Model comparison · updated July 2026

gpt-oss vs Qwen3.5: the practical comparison

gpt-oss (OpenAI) and Qwen3.5 (Alibaba (Qwen team)) side by side — architecture, context, licensing, pricing, and a clear recommendation for when each one wins.

The verdict

Both target deployable open weights under Apache 2.0. Qwen3.5's family wins on breadth and per-size quality — its 9B variant with 256K context is the standout local model of the generation. gpt-oss counters with OpenAI provenance and the 120B's clever single-80GB-GPU fit. For most local and mid-scale deployments, Qwen3.5 is the stronger recommendation.

gpt-oss vs Qwen3.5 at a glance

gpt-ossQwen3.5
VendorOpenAI (United States)Alibaba (Qwen team) (China)
Open weightsYes — downloadableYes — downloadable
LicenseApache 2.0 — permissive, patent-granting, free for commercial useApache 2.0 — permissive, patent-granting, free for commercial use
Parameters117B (gpt-oss-120b) / 21B (gpt-oss-20b) (5.1B / 3.6B active)397B (17B active)
Context window128K tokens262K tokens (native)
Modalitiestexttext
PricingVaries by hosting provider (open weights)Varies by hosting provider (open weights)
Released2025-08-052026-02-16

Specs and pricing verified July 2026.

About gpt-oss

gpt-oss is OpenAI's return to open weights — its first since GPT-2. The August 2025 release shipped two MoE reasoning models under Apache 2.0: gpt-oss-120b (117B total, 5.1B active, single-80GB-GPU serving in native MXFP4) and gpt-oss-20b (21B total, runs on a 16GB consumer GPU), both with configurable reasoning effort and 128K context.

Strategically it validated the open-weight thesis from the least likely vendor, and practically the 20B became one of the most-run local models in the world — the default 'serious model on a laptop.' For pure capability the 2026 Chinese frontier models outclass it, but for accessible, US-origin, Apache-2.0 deployment it remains a staple.

Full specs, benchmarks, and hardware guidance: the gpt-oss page.

About Qwen3.5

Qwen3.5 is Alibaba's February 2026 generation and the efficiency benchmark of the open-weight field: the 397B-A17B flagship activates just 17B parameters per token yet beats Alibaba's own trillion-parameter Qwen3-Max — at 8.6× the throughput at 32K context and 19× at 256K. All open-weight variants ship under Apache 2.0, the most enterprise-friendly license in common use.

The release is a full family, not one model: from the 397B flagship down to a 9B variant with a native 256K context window that runs on consumer hardware. That spread — one architecture, Apache 2.0 everywhere, sizes from phone to datacenter — is why Qwen has become the default base-model family for fine-tuners and the most-adopted open-weight line by download count.

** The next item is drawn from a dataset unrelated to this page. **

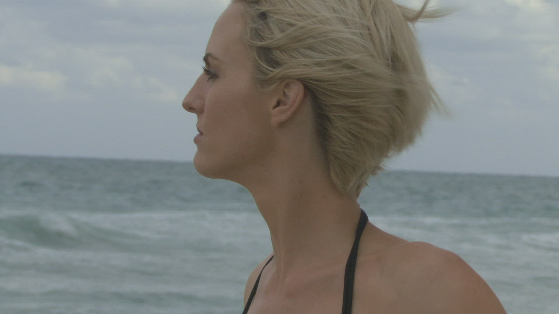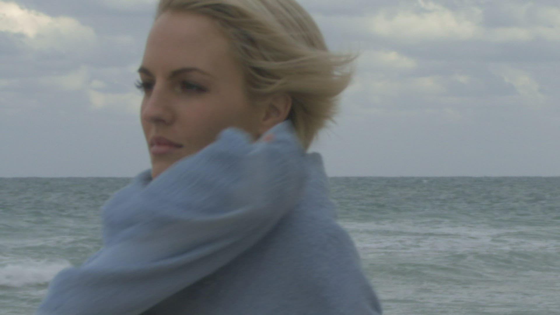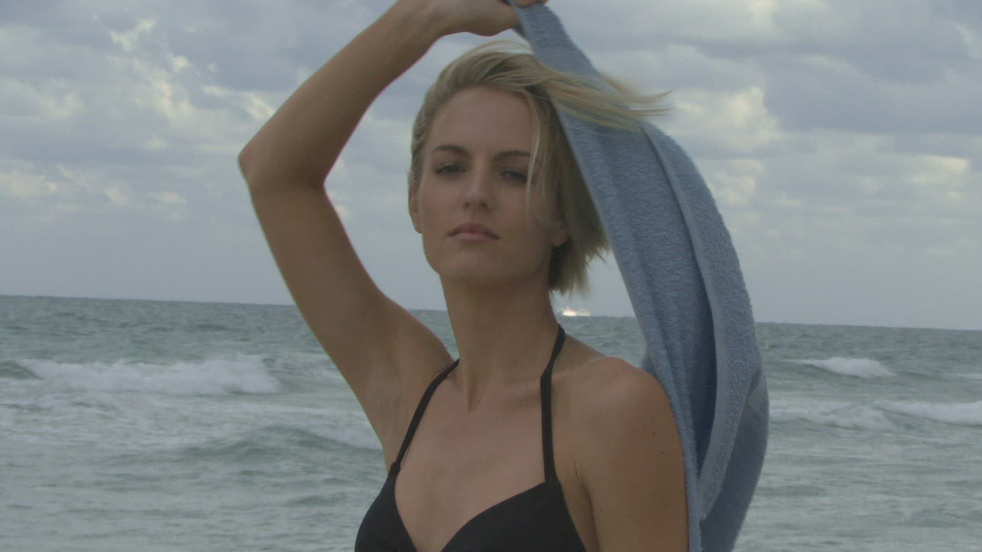 Female wrapping a towel around her on a beach

Full specs, benchmarks, and hardware guidance: the Qwen3.5 page.

Choosing between them

Choose gpt-oss for:

  • Local deployment on consumer hardware (20B on a 16GB GPU)
  • US-origin open weights under Apache 2.0 for policy-constrained buyers
  • Configurable reasoning-effort workloads

Choose Qwen3.5 for:

  • Enterprise deployments that require Apache 2.0 licensing
  • Efficiency-critical serving (17B active parameters, extreme throughput)
  • Fine-tuning projects — the broadest size ladder in open weights

Frequently asked questions

Is gpt-oss better than Qwen3.5?

Both target deployable open weights under Apache 2.0. Qwen3.5's family wins on breadth and per-size quality — its 9B variant with 256K context is the standout local model of the generation. gpt-oss counters with OpenAI provenance and the 120B's clever single-80GB-GPU fit. For most local and mid-scale deployments, Qwen3.5 is the stronger recommendation.

Which is cheaper: gpt-oss or Qwen3.5?

gpt-oss: Varies by hosting provider (open weights). Qwen3.5: Varies by hosting provider (open weights). Both are open-weight, so self-hosting costs depend on your hardware and utilization.

Can I self-host gpt-oss and Qwen3.5?

gpt-oss: yes — weights are published under Apache 2.0. Qwen3.5: yes — weights are published under Apache 2.0.